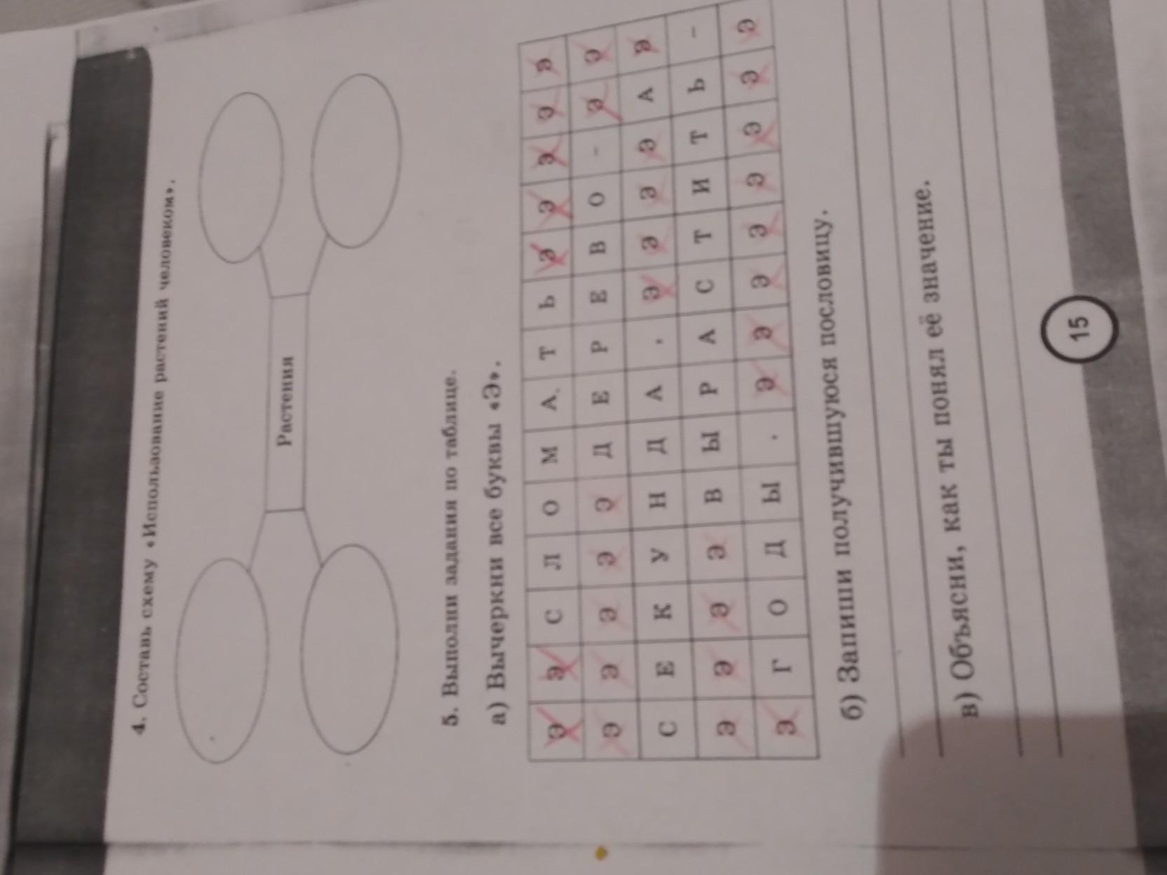 4. Составь схему «Использование рахеиий человек, Растения 5. Выполни задания по тајулице. а) Вычеркни все буквы «э». с 3 Л А. "Т р E B Э Э Э А. O DI A Н 5 С E к И т Э B P BI b a э э з Ы г о д б) Запиши получившуюся пословицу. в) Объясни, как ты понял её значение. 15
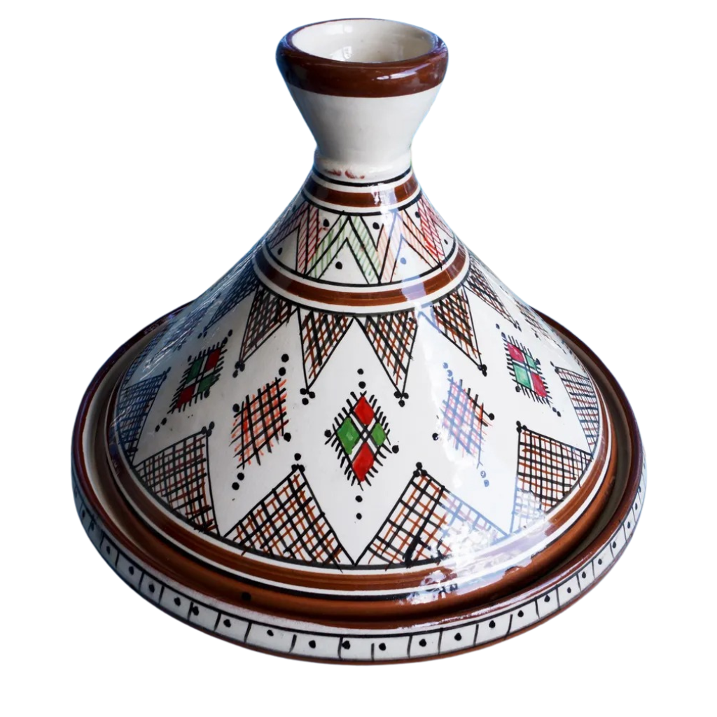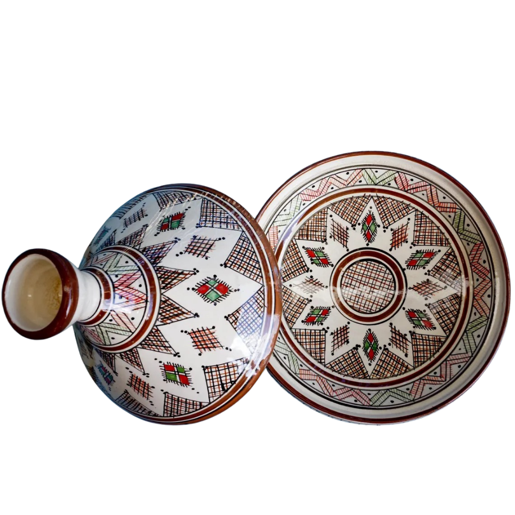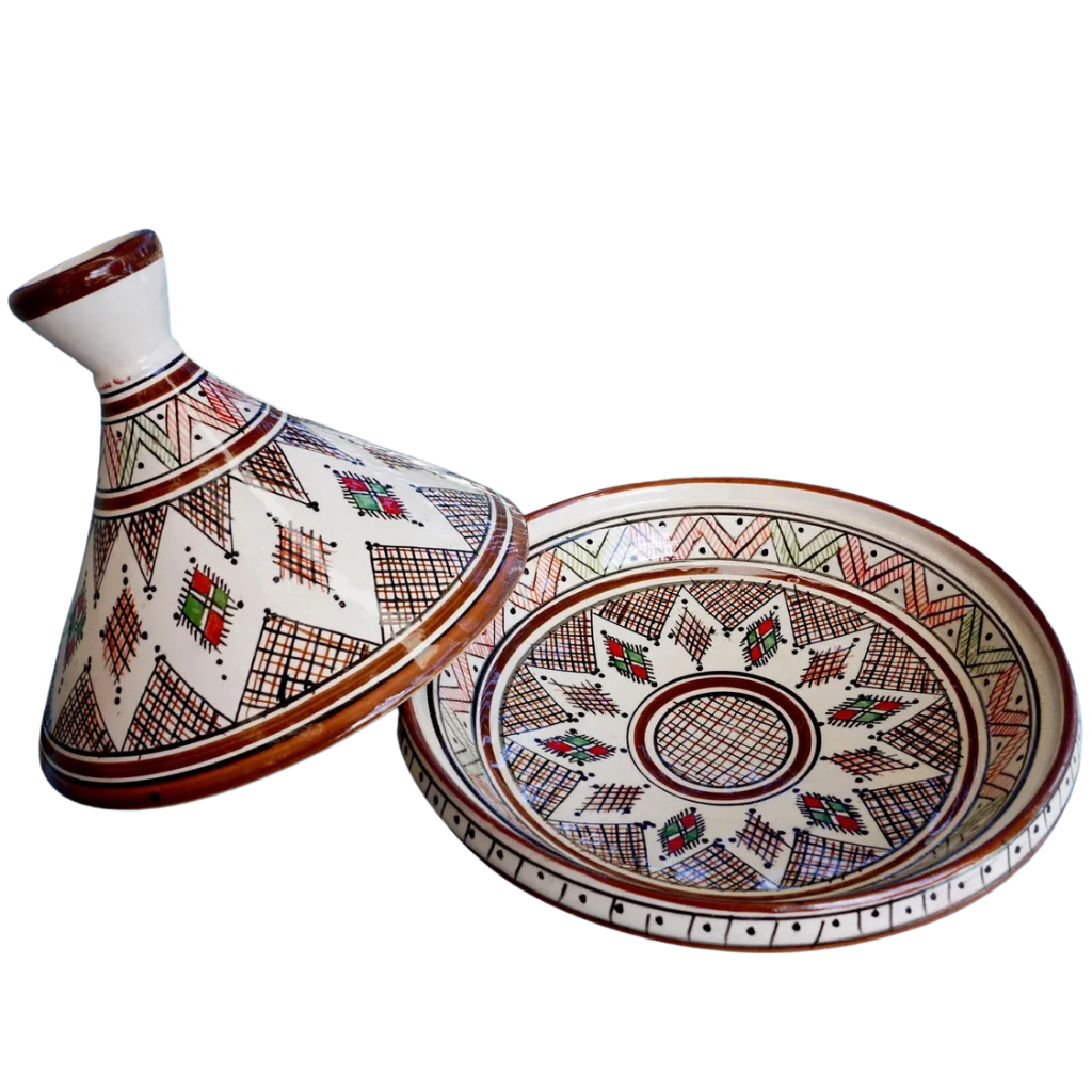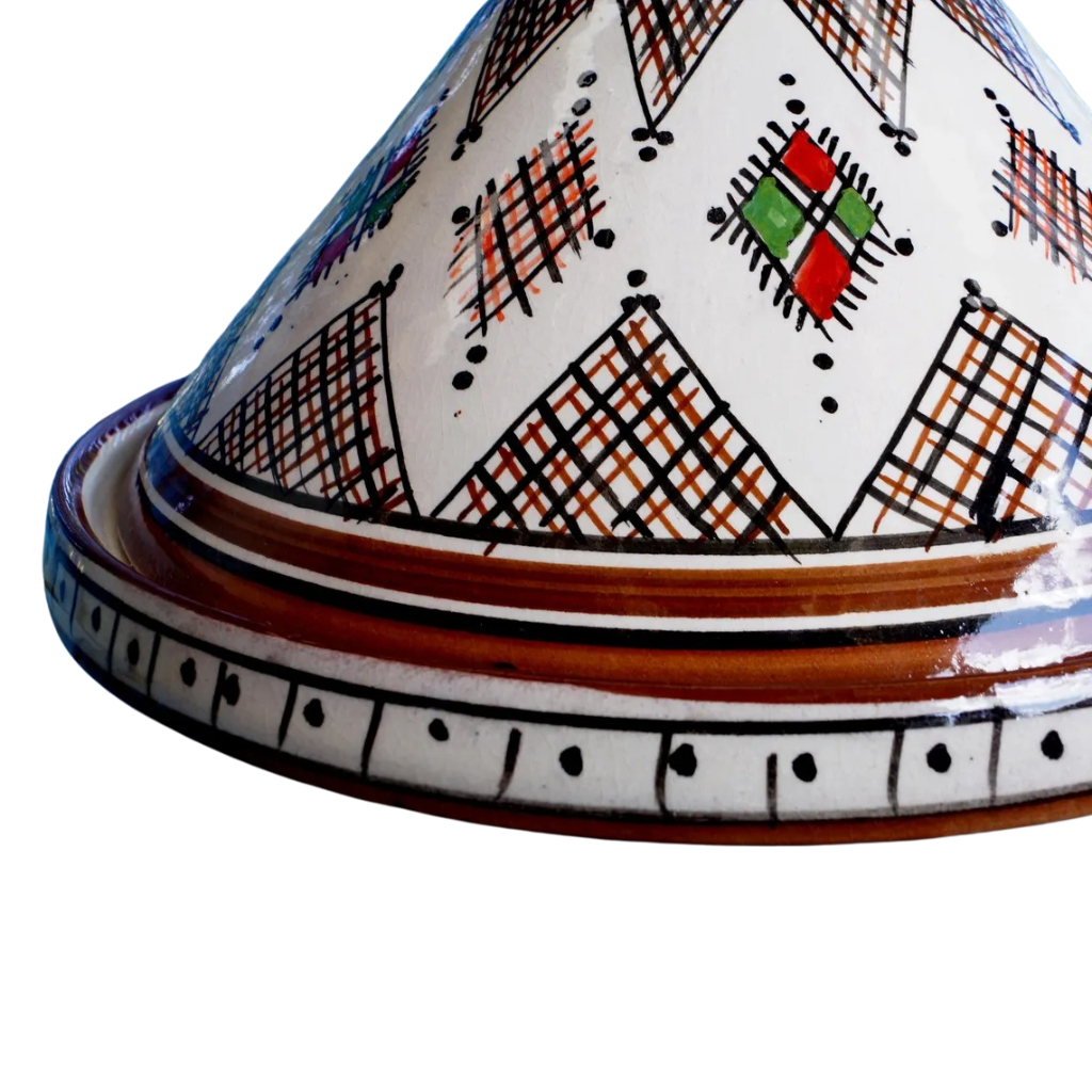 The tagine features a traditional conical lid and is intended for presentation and serving purposes only. It is suitable for displaying and serving prepared dishes but is not designed for stovetop or oven cooking.
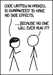 Time for coder joke I actually knew someone who code in Haskell. From xkcd. Share this:Tweet Click to email a link to a friend (Opens in new window) Email MoreShare on Tumblr Click to share on Reddit (Opens in new window) Reddit PocketLike Loading... Posted on 4 Jan 2014 by Perry Ismangil
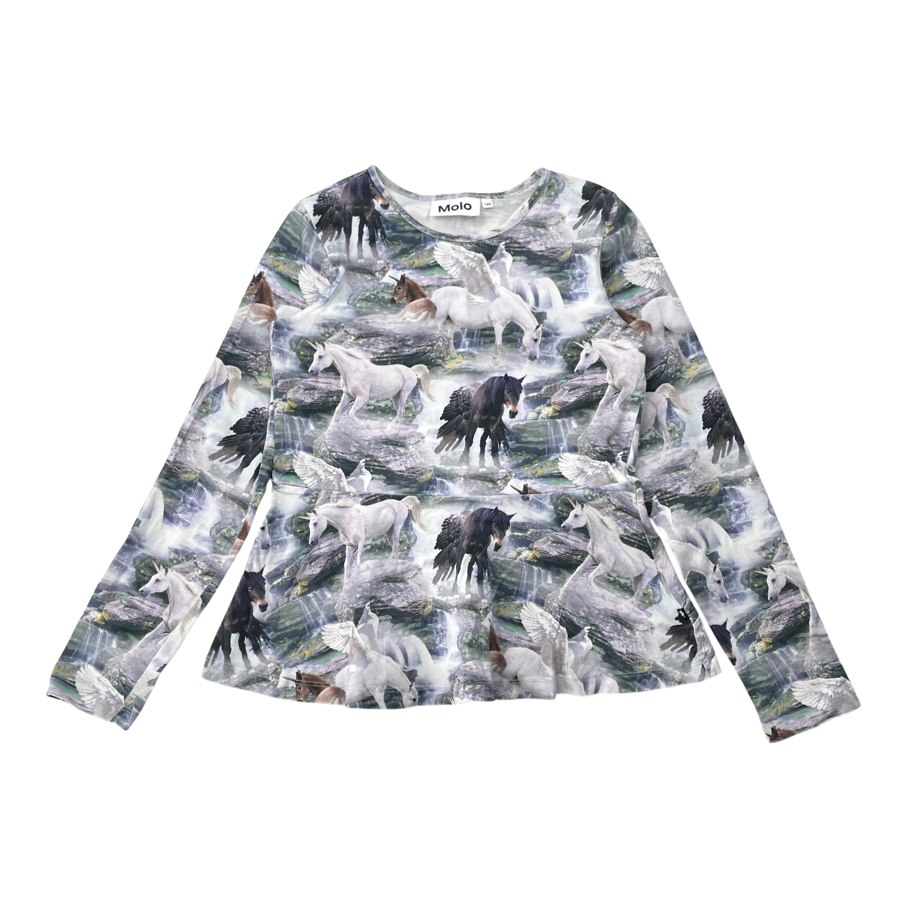 Molo long sleeve peplum style shirt in mythical creatures print.
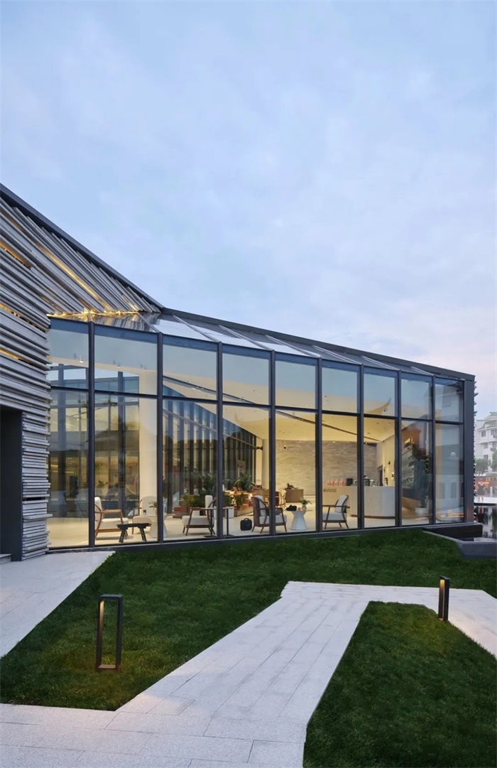 建筑中部在玉兰苑原址处设置室外中庭,最大限度保留玉兰苑庭院及古亭。在场地北侧不规则区域设置庭院景观,保留并强调与连接古镇的出入口,连通古镇、承接文脉。
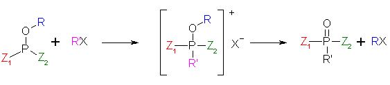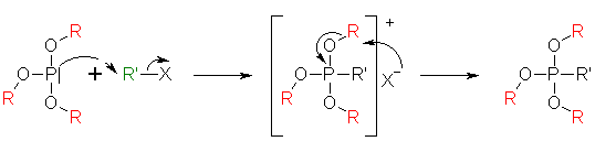 This reaction gives pentavalent alkyl phosphoric acid esters by treatment of trivalent phosphoric acid esters with alkyl halides. As an example, the mechanism for phosphorous acid esters is shown below.
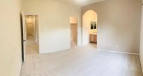 This lovely home has a bright open floor plan with a large great-room, formal dining room with mountain views and kitchen with breakfast bar, gas stove, and microwave. Three spacious bedrooms including master with walk-in closet and bath with dual sink vanity. Fully landscaped corner lot with low maintenance xeriscape in front and open patio and small area of grass in back. Additional features include refrigerated air and security wrought iron. $250 pet deposit, $25 pet rent Single family home

++++++++

→ Instructions for the task
Could you copy the lines above exactly and skip the images?

→ Output of the task
 4. Составь схему «Использование рахеиий человек, Растения 5. Выполни задания по тајулице. а) Вычеркни все буквы «э». с 3 Л А. "Т р E B Э Э Э А. O DI A Н 5 С E к И т Э B P BI b a э э з Ы г о д б) Запиши получившуюся пословицу. в) Объясни, как ты понял её значение. 15
 The tagine features a traditional conical lid and is intended for presentation and serving purposes only. It is suitable for displaying and serving prepared dishes but is not designed for stovetop or oven cooking.
 Time for coder joke I actually knew someone who code in Haskell. From xkcd. Share this:Tweet Click to email a link to a friend (Opens in new window) Email MoreShare on Tumblr Click to share on Reddit (Opens in new window) Reddit PocketLike Loading... Posted on 4 Jan 2014 by Perry Ismangil
 Molo long sleeve peplum style shirt in mythical creatures print.
 建筑中部在玉兰苑原址处设置室外中庭,最大限度保留玉兰苑庭院及古亭。在场地北侧不规则区域设置庭院景观,保留并强调与连接古镇的出入口,连通古镇、承接文脉。
 This reaction gives pentavalent alkyl phosphoric acid esters by treatment of trivalent phosphoric acid esters with alkyl halides. As an example, the mechanism for phosphorous acid esters is shown below.
 This lovely home has a bright open floor plan with a large great-room, formal dining room with mountain views and kitchen with breakfast bar, gas stove, and microwave. Three spacious bedrooms including master with walk-in closet and bath with dual sink vanity. Fully landscaped corner lot with low maintenance xeriscape in front and open patio and small area of grass in back. Additional features include refrigerated air and security wrought iron. $250 pet deposit, $25 pet rent Single family home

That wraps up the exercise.